▸ Exercise prompt
Images are not part of the copy; transcribe all the data exactly.

▸ Data under study

* * *

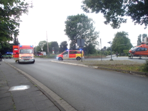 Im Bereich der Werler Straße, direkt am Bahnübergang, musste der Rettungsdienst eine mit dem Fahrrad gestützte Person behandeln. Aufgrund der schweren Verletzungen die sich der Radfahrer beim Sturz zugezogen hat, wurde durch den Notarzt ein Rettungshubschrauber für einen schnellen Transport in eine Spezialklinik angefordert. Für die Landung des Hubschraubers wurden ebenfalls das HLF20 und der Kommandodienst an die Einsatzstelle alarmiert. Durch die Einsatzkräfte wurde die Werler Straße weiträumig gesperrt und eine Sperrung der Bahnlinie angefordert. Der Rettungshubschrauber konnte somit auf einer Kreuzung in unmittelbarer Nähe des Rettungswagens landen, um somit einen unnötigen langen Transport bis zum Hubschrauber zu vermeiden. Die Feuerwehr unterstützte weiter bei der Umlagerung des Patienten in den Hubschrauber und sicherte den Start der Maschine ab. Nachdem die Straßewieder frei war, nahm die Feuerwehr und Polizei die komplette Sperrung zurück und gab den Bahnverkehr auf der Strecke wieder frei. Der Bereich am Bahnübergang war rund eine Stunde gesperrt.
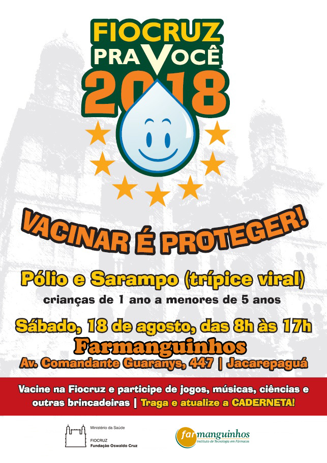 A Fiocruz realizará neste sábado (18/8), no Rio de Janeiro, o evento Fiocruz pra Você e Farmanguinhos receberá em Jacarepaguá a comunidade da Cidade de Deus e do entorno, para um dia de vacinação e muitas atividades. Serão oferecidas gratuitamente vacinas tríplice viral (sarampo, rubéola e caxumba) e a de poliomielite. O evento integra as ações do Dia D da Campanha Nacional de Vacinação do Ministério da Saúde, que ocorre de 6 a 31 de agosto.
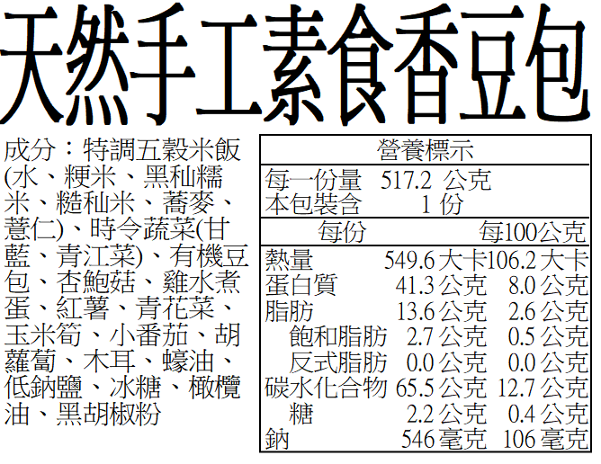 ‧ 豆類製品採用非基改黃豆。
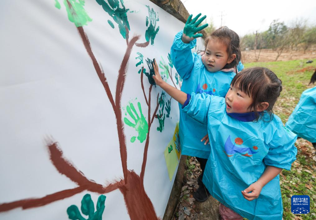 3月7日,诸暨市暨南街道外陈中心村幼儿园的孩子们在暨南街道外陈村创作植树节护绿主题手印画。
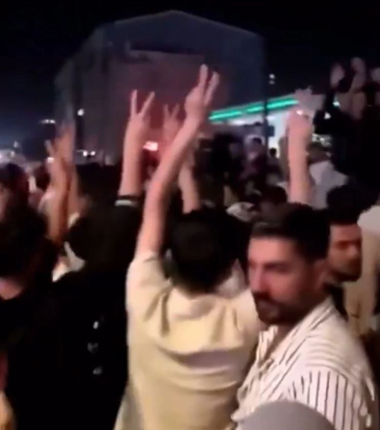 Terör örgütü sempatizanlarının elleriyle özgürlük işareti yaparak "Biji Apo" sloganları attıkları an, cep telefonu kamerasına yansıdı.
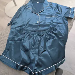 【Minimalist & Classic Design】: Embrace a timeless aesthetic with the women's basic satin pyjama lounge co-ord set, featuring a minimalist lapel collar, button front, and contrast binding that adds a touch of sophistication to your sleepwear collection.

* * *

▸ Output of the exercise
 Im Bereich der Werler Straße, direkt am Bahnübergang, musste der Rettungsdienst eine mit dem Fahrrad gestützte Person behandeln. Aufgrund der schweren Verletzungen die sich der Radfahrer beim Sturz zugezogen hat, wurde durch den Notarzt ein Rettungshubschrauber für einen schnellen Transport in eine Spezialklinik angefordert. Für die Landung des Hubschraubers wurden ebenfalls das HLF20 und der Kommandodienst an die Einsatzstelle alarmiert. Durch die Einsatzkräfte wurde die Werler Straße weiträumig gesperrt und eine Sperrung der Bahnlinie angefordert. Der Rettungshubschrauber konnte somit auf einer Kreuzung in unmittelbarer Nähe des Rettungswagens landen, um somit einen unnötigen langen Transport bis zum Hubschrauber zu vermeiden. Die Feuerwehr unterstützte weiter bei der Umlagerung des Patienten in den Hubschrauber und sicherte den Start der Maschine ab. Nachdem die Straßewieder frei war, nahm die Feuerwehr und Polizei die komplette Sperrung zurück und gab den Bahnverkehr auf der Strecke wieder frei. Der Bereich am Bahnübergang war rund eine Stunde gesperrt.
 A Fiocruz realizará neste sábado (18/8), no Rio de Janeiro, o evento Fiocruz pra Você e Farmanguinhos receberá em Jacarepaguá a comunidade da Cidade de Deus e do entorno, para um dia de vacinação e muitas atividades. Serão oferecidas gratuitamente vacinas tríplice viral (sarampo, rubéola e caxumba) e a de poliomielite. O evento integra as ações do Dia D da Campanha Nacional de Vacinação do Ministério da Saúde, que ocorre de 6 a 31 de agosto.
 ‧ 豆類製品採用非基改黃豆。
 3月7日,诸暨市暨南街道外陈中心村幼儿园的孩子们在暨南街道外陈村创作植树节护绿主题手印画。
 Terör örgütü sempatizanlarının elleriyle özgürlük işareti yaparak "Biji Apo" sloganları attıkları an, cep telefonu kamerasına yansıdı.
 【Minimalist & Classic Design】: Embrace a timeless aesthetic with the women's basic satin pyjama lounge co-ord set, featuring a minimalist lapel collar, button front, and contrast binding that adds a touch of sophistication to your sleepwear collection.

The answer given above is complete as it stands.